Records for this exercise section start

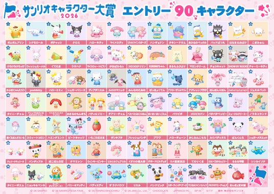 サンリオの機関紙「月刊 いちご新聞」で1986年にスタートした「サンリオキャラクター大賞」は、450を超えるサンリオキャラクターの中から選ばれたキャラクターがエントリーし、投票数によって順位を決定する人気投票イベントです。今年は、90キャラクターがエントリーします。最終結果は6月28日(日)にパシフィコ横浜で開催する「サンリオフェス2026 in みなとみらい」のDay2のステージにて発表します。今年のテーマは、「がんばるみんなにエールを!Smiling Ovation!」。 「Smiling Ovation(スマイリングオベーション)」は、スタンディングオベーションから着想を得た造語で、サンリオキャラクターとファンのみなさまが互いに応援し合い、讃え合いながら笑顔になれるイベントにしたいという想いを込めています。
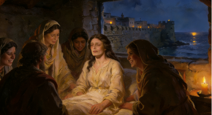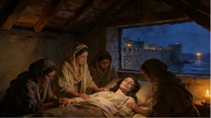 彼得跪下,光線在大比大蒼白的面容上流動,如同針尖悄悄刺破黑暗的寂靜。他握住那雙布滿針繭與細紋的手,低頭禱告:「主啊,您曾使睚魯的女兒復活......如今,我們將這位愛您的女徒,廣行善事、多施周濟的大比大,希臘婦女口中的多加姐妹,交托在您手中。願您彰顯大能,讓眾人見證您的榮耀奉主耶穌名,阿們!」
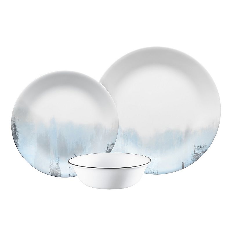 Corelle Tranquil Reflection 12-pc. Dinnerware Set, White/BlueAdd subtle, artistic character to your table setting with the Tranquil Reflection dinnerware set by Corelle.Watch the product video here.PRODUCT FEATURES Painterly brushstrokes and hushed tones on a mineral gray background Sturdy vitrelle glass construction WHAT'S INCLUDED Four 10.25-in. dinner plates Four 8.5-in. luncCorelle
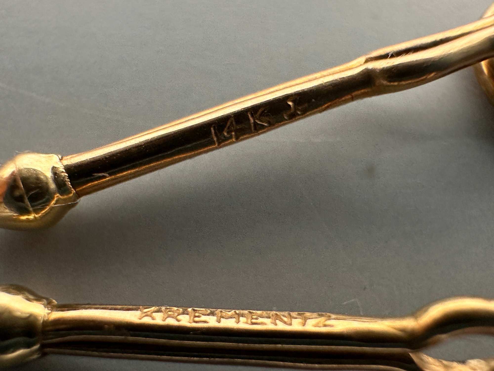 Including two pairs of 14k yellow gold and mother of pearl cufflinks. Both marked, one marked Krementz as well. Both pairs about 1" length each.
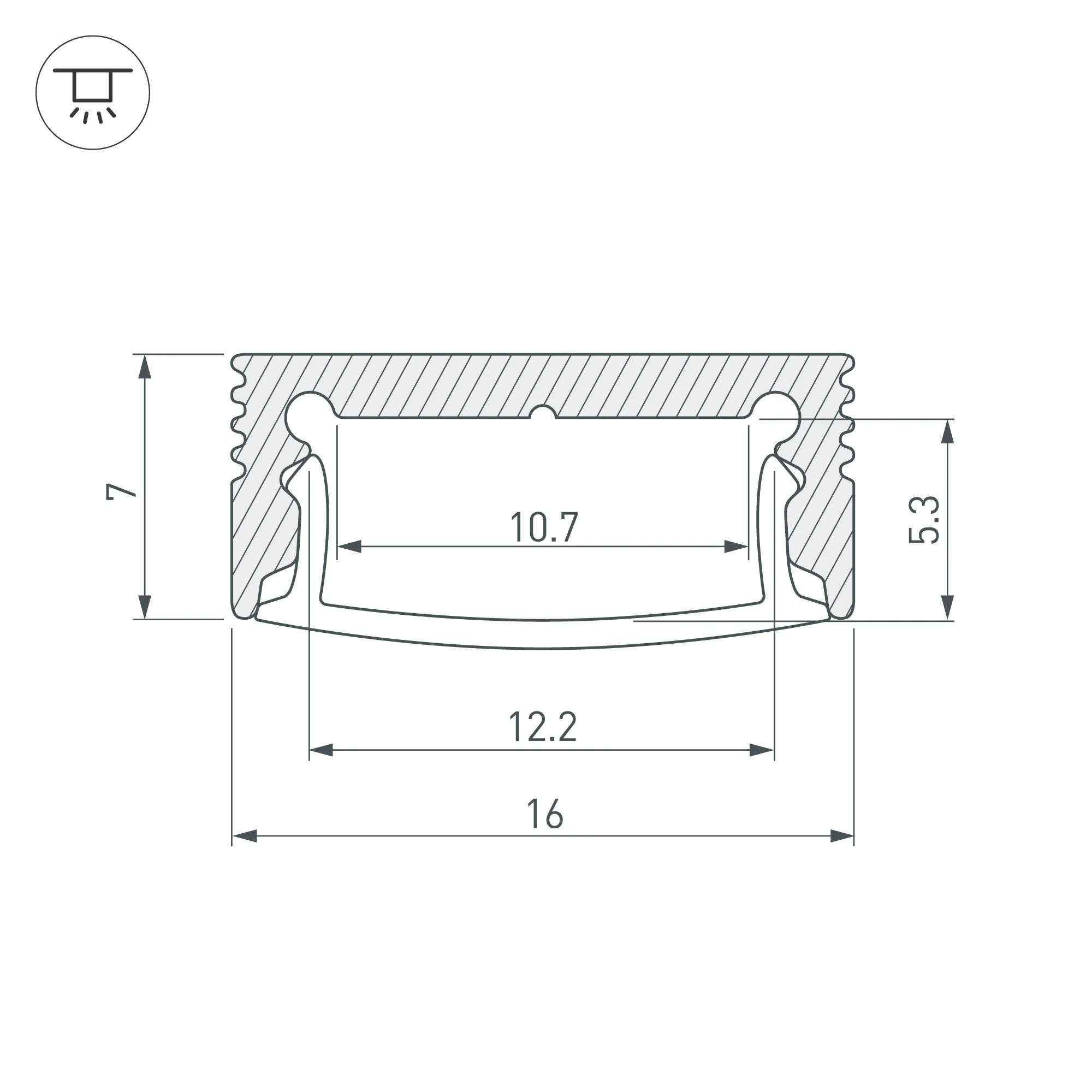 Алюминиевый профиль для светодиодных лент и линеек. Цвет - черный RAL9005 (порошковая окраска). Габаритные размеры (L×W×H): 2000x16x7 мм. Ширина площадки для ленты 10 мм. Экраны, заглушки и другие аксессуары приобретаются отдельно. Цена за 1 метр.
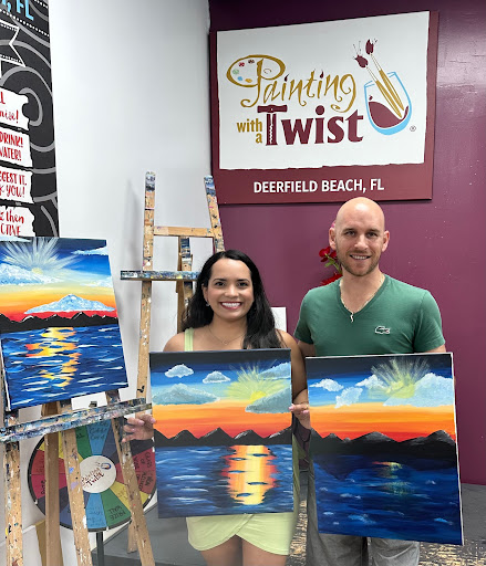 I can’t begin to say how phenomenal this location of Painting with a Twist in Deerfield Beach is! First and foremost I have to give a huge shout out and thank you to the amazing owner, Holly who has been such a joy to speak with and book classes with. The ownership, staff and whole team here are fantastic and truly so make sure they provide the best experience they can to us. Thank you Holly! :) We have been here 3 times so far and can’t wait for the next. The accommodations that were made for my partner and I to be able to celebrate a very special day much later due to traveling was so thoughtful and truly awesome. We have taken a group of 12 (non-painters) there and gone separately and each time was fantastic. Can’t wait to be back for another class soon. If you haven’t checked this place out, it is a must! And if you have a special event or just sharing a date night with your loved one or friend, Holly or any of the team are amazing to speak with and will make sure you are taken care of and have the best experience! Kuddos to the leadership at this location for making sure each customer leaves with a smile and a memorable story and cheers to many more painting adventures to come! Book your class today, you won’t be disappointed and go have a blast! Thank you Painting with a Twist:...

Records for this exercise section end

→ **Task directions**: Your answer must be the exact lines from the start of the data through the line with "Алюминиевый профиль для", inclusive, and nothing else; pictures do not belong in it.

→ **Worked solution**:
 サンリオの機関紙「月刊 いちご新聞」で1986年にスタートした「サンリオキャラクター大賞」は、450を超えるサンリオキャラクターの中から選ばれたキャラクターがエントリーし、投票数によって順位を決定する人気投票イベントです。今年は、90キャラクターがエントリーします。最終結果は6月28日(日)にパシフィコ横浜で開催する「サンリオフェス2026 in みなとみらい」のDay2のステージにて発表します。今年のテーマは、「がんばるみんなにエールを!Smiling Ovation!」。 「Smiling Ovation(スマイリングオベーション)」は、スタンディングオベーションから着想を得た造語で、サンリオキャラクターとファンのみなさまが互いに応援し合い、讃え合いながら笑顔になれるイベントにしたいという想いを込めています。
 彼得跪下,光線在大比大蒼白的面容上流動,如同針尖悄悄刺破黑暗的寂靜。他握住那雙布滿針繭與細紋的手,低頭禱告:「主啊,您曾使睚魯的女兒復活......如今,我們將這位愛您的女徒,廣行善事、多施周濟的大比大,希臘婦女口中的多加姐妹,交托在您手中。願您彰顯大能,讓眾人見證您的榮耀奉主耶穌名,阿們!」
 Corelle Tranquil Reflection 12-pc. Dinnerware Set, White/BlueAdd subtle, artistic character to your table setting with the Tranquil Reflection dinnerware set by Corelle.Watch the product video here.PRODUCT FEATURES Painterly brushstrokes and hushed tones on a mineral gray background Sturdy vitrelle glass construction WHAT'S INCLUDED Four 10.25-in. dinner plates Four 8.5-in. luncCorelle
 Including two pairs of 14k yellow gold and mother of pearl cufflinks. Both marked, one marked Krementz as well. Both pairs about 1" length each.
 Алюминиевый профиль для светодиодных лент и линеек. Цвет - черный RAL9005 (порошковая окраска). Габаритные размеры (L×W×H): 2000x16x7 мм. Ширина площадки для ленты 10 мм. Экраны, заглушки и другие аксессуары приобретаются отдельно. Цена за 1 метр.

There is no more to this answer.